Task brief ▸ The entries below are to be written out exactly, with no images included.

[Data records]
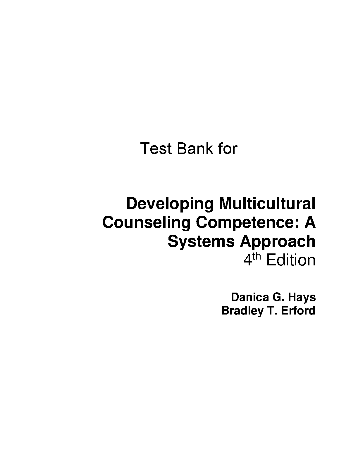 Test Bank for Developing Multicultural Counseling Competence: A Systems Approach, 4th Edition by Danica G. Hays and Bradley T. Erford
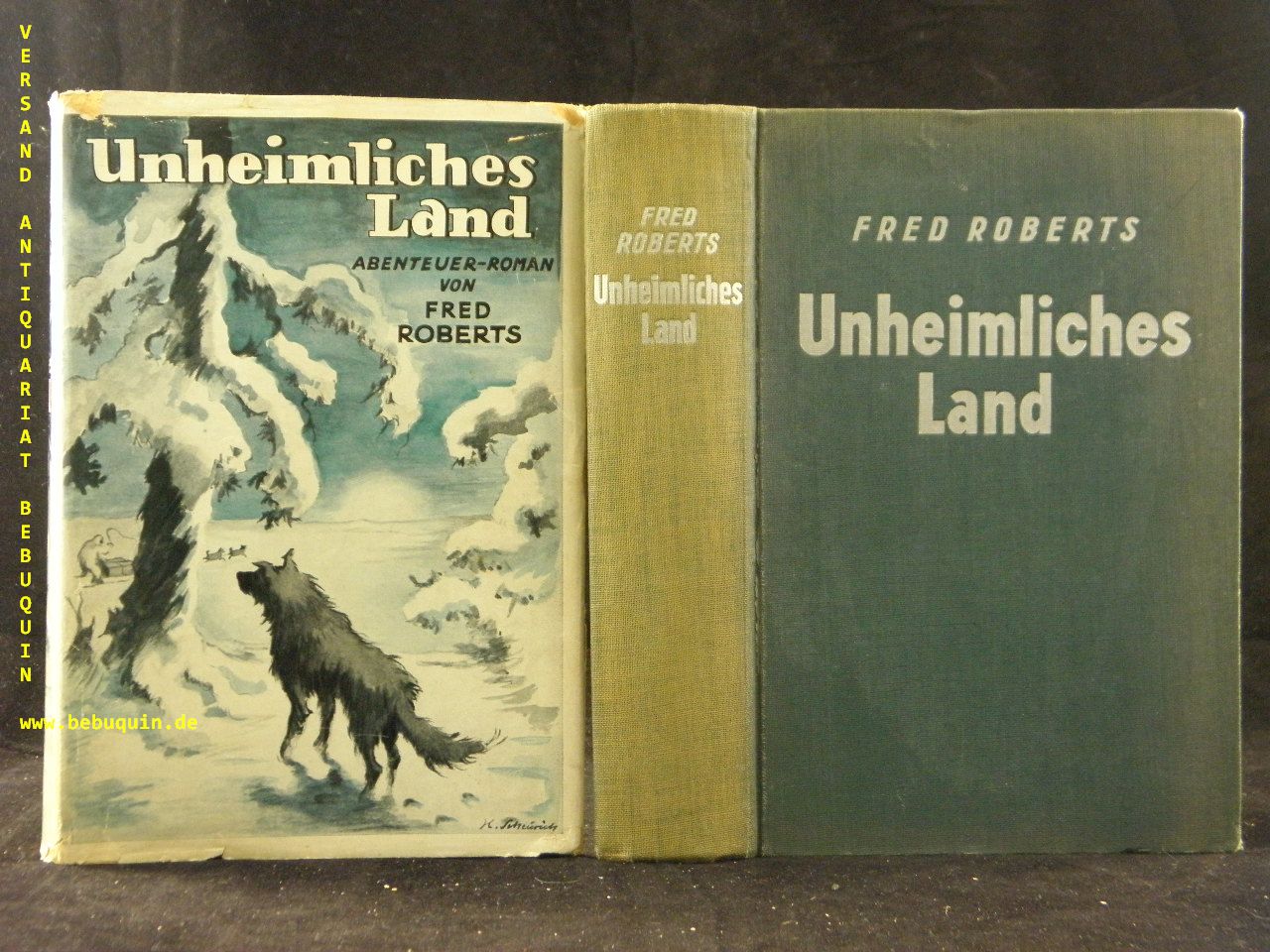 ROBERTS, Fred: Unheimliches Land. Abenteuerroman. Dresden (Heyne), 1935. 334 S. OLn mit Silberprägung und OUmschl. Umschlagkanten fast komplett hinterlegt, Rücken geblichen, sonst gutes Ex. = Fred Roberts Abenteuer-Romane. EA.
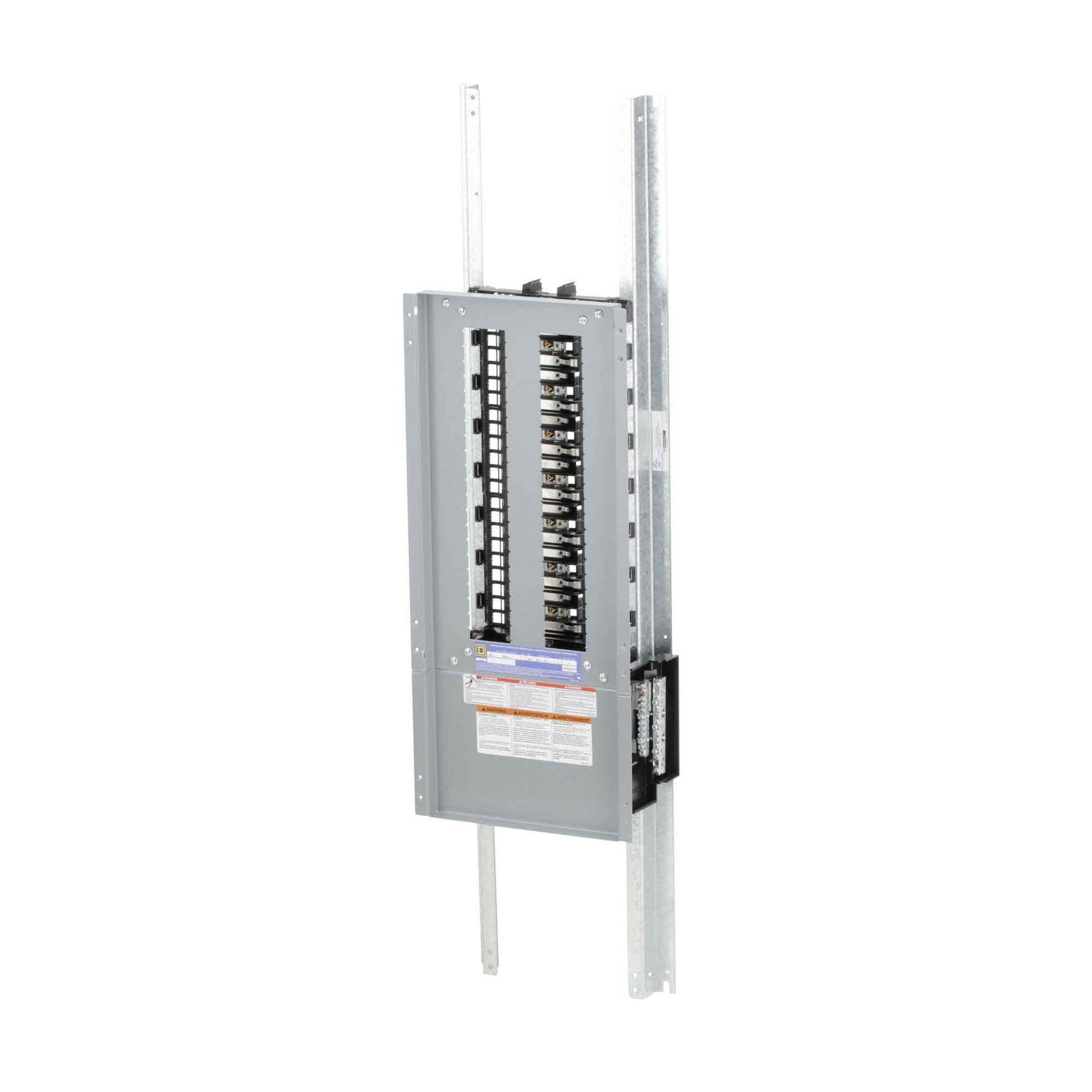 NQ Panelboard interiors can be used for applications such as commercial buildings, industrial buildings, stadiums, and offices. NQ Panelboards are versatile panelboards that feature a wide selection of circuit breakers, accessories, and ready to install kits. NQ Panelboard interiors are field convertible to top or bottom feed. NQ Panelboards are convertible from main lug to main breaker. NQ Panelboards provide 200% rated neutrals for nonlinear loads. Some factory installed options are split bus, lighting contactors, compression lugs, surge protection devices, and phenolic nameplates. This interior provides protection for your commercial and industrial applications. The main lugs are rated at 400A, 240 VAC 3 phase or 48 VDC. Interior has an interrupt current rating of up to 65 kA. This interior is for a 4 wire system with 42 spaces and has an aluminum bus bar. Interior is for QOB, QOBVH and QHB branch circuit breakers. Lug connections will accept two 1/0 AWG to 750 kcmil aluminum wire. Interior is 45 inches tall and 10.44 inches wide. This NQ panelboard interior is UL listed and CSA certified.
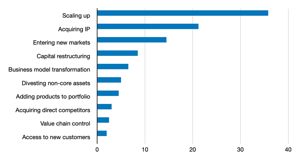 - A desire to acquire IP for those businesses that do not own their technology – 21.2%
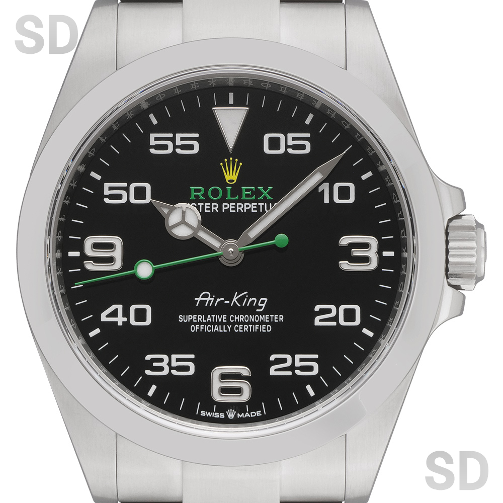 エアキングは航空界との深い結びつきを背景に誕生し、その象徴的な存在感で多くの時計愛好家を魅了してまいりました。先代モデルと比べ、外装は直線的なラグとリューズガードを備え、堅牢かつ洗練された印象へと刷新されました。ダイアルは3・6・9に夜光塗料を採用し、「5」を「05」と改めることで視認性とバランスが向上しております。内部機構も精度と安定性が強化され、より信頼性の高い仕上がりとなっております。伝統を継承しつつ進化を遂げた、新世代のプロフェッショナルモデルです。
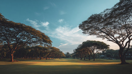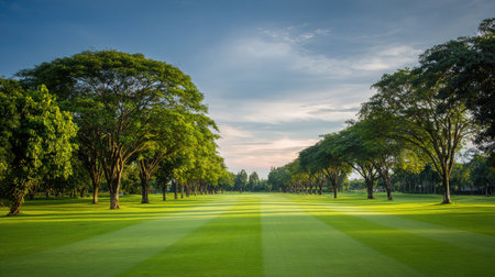 A stunning golf course fairway, framed by tall trees and bathed in soft light, captures nature's beauty in a tranquil setting perfect for relaxation and recreation.
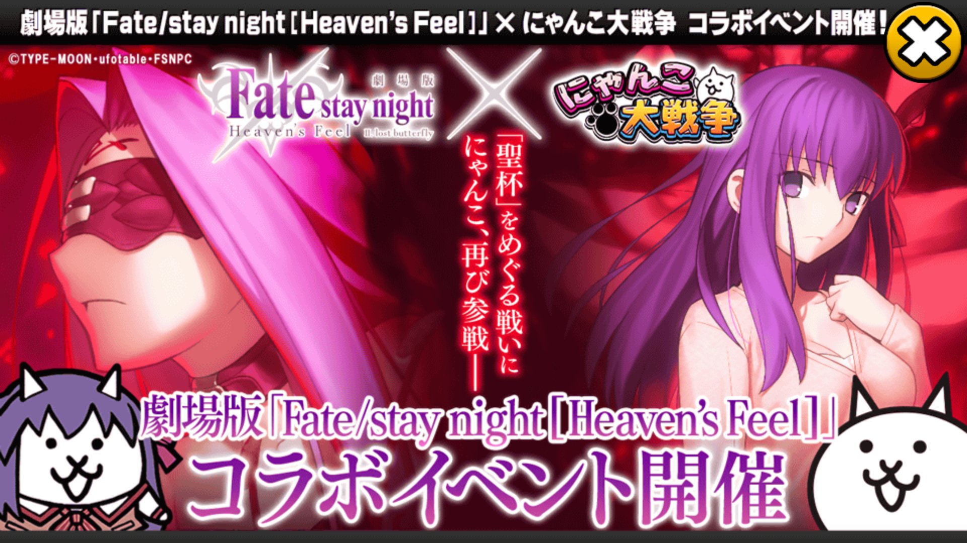 劇場版 Fate Stay Night Heaven S Feel にゃんこ大戦争 新要素を追加した復刻コラボ イベント開催に関するお知らせ ポノス株式会社のプレスリリース

Response area ▸
 Test Bank for Developing Multicultural Counseling Competence: A Systems Approach, 4th Edition by Danica G. Hays and Bradley T. Erford
 ROBERTS, Fred: Unheimliches Land. Abenteuerroman. Dresden (Heyne), 1935. 334 S. OLn mit Silberprägung und OUmschl. Umschlagkanten fast komplett hinterlegt, Rücken geblichen, sonst gutes Ex. = Fred Roberts Abenteuer-Romane. EA.
 NQ Panelboard interiors can be used for applications such as commercial buildings, industrial buildings, stadiums, and offices. NQ Panelboards are versatile panelboards that feature a wide selection of circuit breakers, accessories, and ready to install kits. NQ Panelboard interiors are field convertible to top or bottom feed. NQ Panelboards are convertible from main lug to main breaker. NQ Panelboards provide 200% rated neutrals for nonlinear loads. Some factory installed options are split bus, lighting contactors, compression lugs, surge protection devices, and phenolic nameplates. This interior provides protection for your commercial and industrial applications. The main lugs are rated at 400A, 240 VAC 3 phase or 48 VDC. Interior has an interrupt current rating of up to 65 kA. This interior is for a 4 wire system with 42 spaces and has an aluminum bus bar. Interior is for QOB, QOBVH and QHB branch circuit breakers. Lug connections will accept two 1/0 AWG to 750 kcmil aluminum wire. Interior is 45 inches tall and 10.44 inches wide. This NQ panelboard interior is UL listed and CSA certified.
 - A desire to acquire IP for those businesses that do not own their technology – 21.2%
 エアキングは航空界との深い結びつきを背景に誕生し、その象徴的な存在感で多くの時計愛好家を魅了してまいりました。先代モデルと比べ、外装は直線的なラグとリューズガードを備え、堅牢かつ洗練された印象へと刷新されました。ダイアルは3・6・9に夜光塗料を採用し、「5」を「05」と改めることで視認性とバランスが向上しております。内部機構も精度と安定性が強化され、より信頼性の高い仕上がりとなっております。伝統を継承しつつ進化を遂げた、新世代のプロフェッショナルモデルです。
 A stunning golf course fairway, framed by tall trees and bathed in soft light, captures nature's beauty in a tranquil setting perfect for relaxation and recreation.
 劇場版 Fate Stay Night Heaven S Feel にゃんこ大戦争 新要素を追加した復刻コラボ イベント開催に関するお知らせ ポノス株式会社のプレスリリース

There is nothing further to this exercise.